First off, assume for a second that you are not a student or work for a company that purchases software, but you are sitting at your desk and want to learn _____ (fill in the blank with your favorite stats package. Now, find out the cost of a license. SAS? Thousands, given that you need 6 modules for it to become useful. Stata or Minitab? At least $1,000. SPSS? Expensive, last time I looked. Want to do data mining? well, Statistica Data Miner is probably the best. Only will set you back $15,000. R? Basically free.
Customer work on Linux? Too bad if you are an SPSS or Stastistica user, since they run on Windows. R? Works everywhere. In fact, I do all my R work on an Apple iMac and every model I have delivered ran, unchanged, on systems other than Apple.
Superb community support that costs zero, add to that the many user supplied functions, and you have quite the robust environment.
Last but not least, just look at job boards, especially jobs with “big data” in the description. A vast majority want R. In fact, at a data mining conference in NY city a few months back, the speaker from Columbia University said he expects R to be the de facto statistics standard within 3-years.

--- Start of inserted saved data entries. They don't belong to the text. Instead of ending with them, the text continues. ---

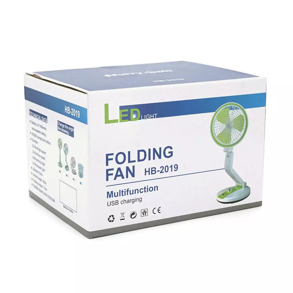 Портативний настільний вентилятор HB-2019, R*180мм, диммер, вбудований акумулятор 4V 1600mAh, USB кабель, Box
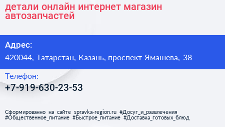 детали.онлайн, интернет-магазин автозапчастей по адресу 420044, Татарстан, Казань, проспект Ямашева, 38 в дальнейшем Организация, размещена в следующих категориях:
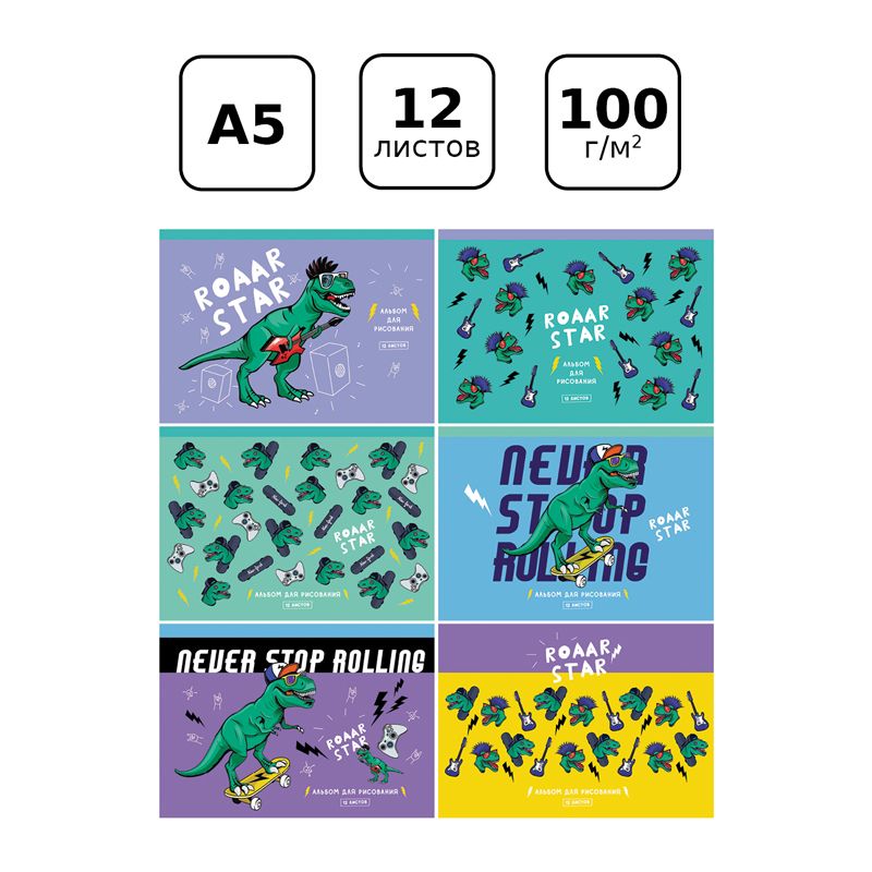 Альбом для рисования 12л., А5, на скрепке BG "Roaar star"
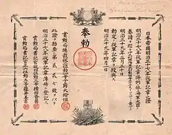 - "A medal of honor (jūgun kishō) is hereby given, on March 30, 1906, to Ernesto Burzagli, Lieutenant of the Italian Navy, on application by the Naval Minister of Japan and with the Emperor's approval, pursuant to the Regulation Relating to the Medals Honoring Participation in Battles (1904-05). Dated April 1, 1906."
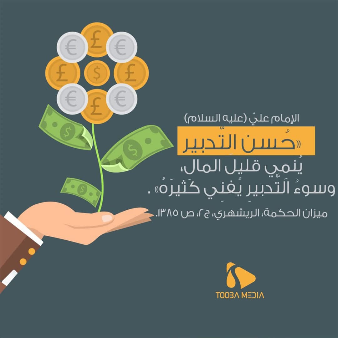 عن الإمام عليّ علیه السلام: حُسنُ التَّدبيرِ يُنمِي قَليلَ المالِ ، و سُوءُ التَّدبيرِ يُفني كَثِيرَهُ میزان الحکمة-ج2ص1385
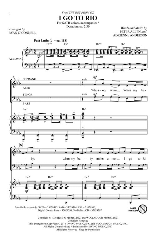 I Go to RioPublisher: Shawnee PressCategory: ChoralSeries: ChoralFormat: CDWritten by Peter Allen and a hit for the band Pablo Cruise in 1979, this new arrangement for mixed and women's voices will heat up your concert with...Regular price $35.99 -
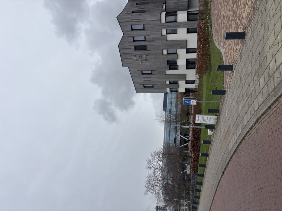An exterior view captures an urban scene in Leeuwarden, Netherlands, under a densely overcast sky
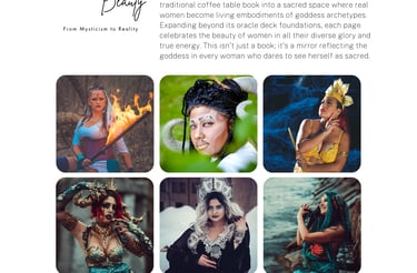 A 6 year journey to create the Sacred beauty oracle deck and art book through photography. Representing women from over 24 different countries, embracing divine energy from various ages, sizes, cultures and genders! In a false world of imagery this is
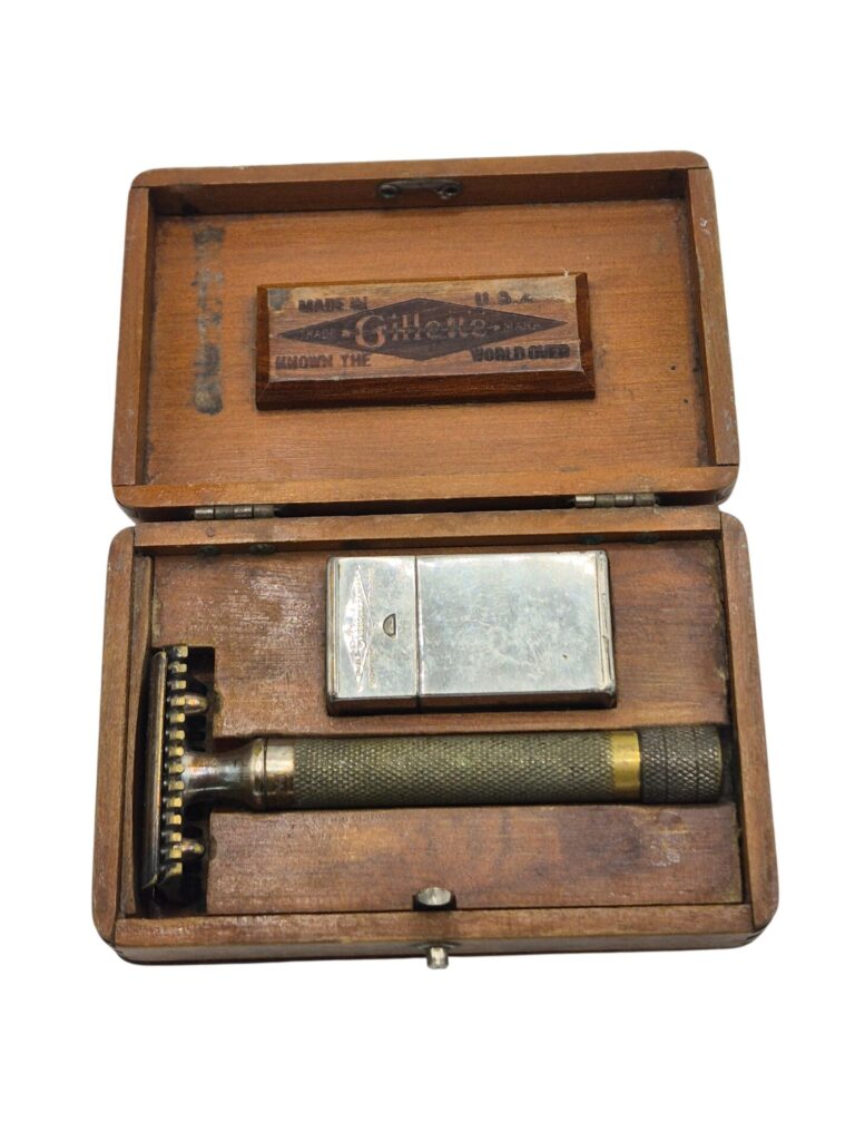 Very nice Gillette shaving set, the box contains a razor marked Gillette and a container with blades, bot the container and the blades are marked gillette. The set were used by officers during WW2. Great display piece.

Personally, I have not renewed my SAS license (way to expensive) and not sure if I’m going to upgrade Stata. Reason: since 2007, the only thing clients have requested is R
So, the question should really be: why DON’T you know R?
Hi Joe,
Well, there definitely people who don’t need to worry about the cost of a license of other software packages. (And fwiw, Stata is a relative bargain, compared to many others). And there are fields where other software is entrenched. People working in those fields, especially those who don’t use stats often, may not need R. At least not yet.
I still believe it’s useful to be able to use the field-entrenched software if you do any collaborative work, and this includes all grad students. You’re going to get stuck if you’re the only R user.
But unless you are a very seldom user of stats, knowing at least two packages is extremely helpful. So I agree–anyone who does a lot of stats ought to learn R.
I think R is becoming the statistics software equivalent of speaking English. Not everyone in the world needs it and it’s not the only important language, but many, many people benefit immensely from it. In some situations this benefit is huge. In others it’s not at all, and in some, it’s absolutely crucial.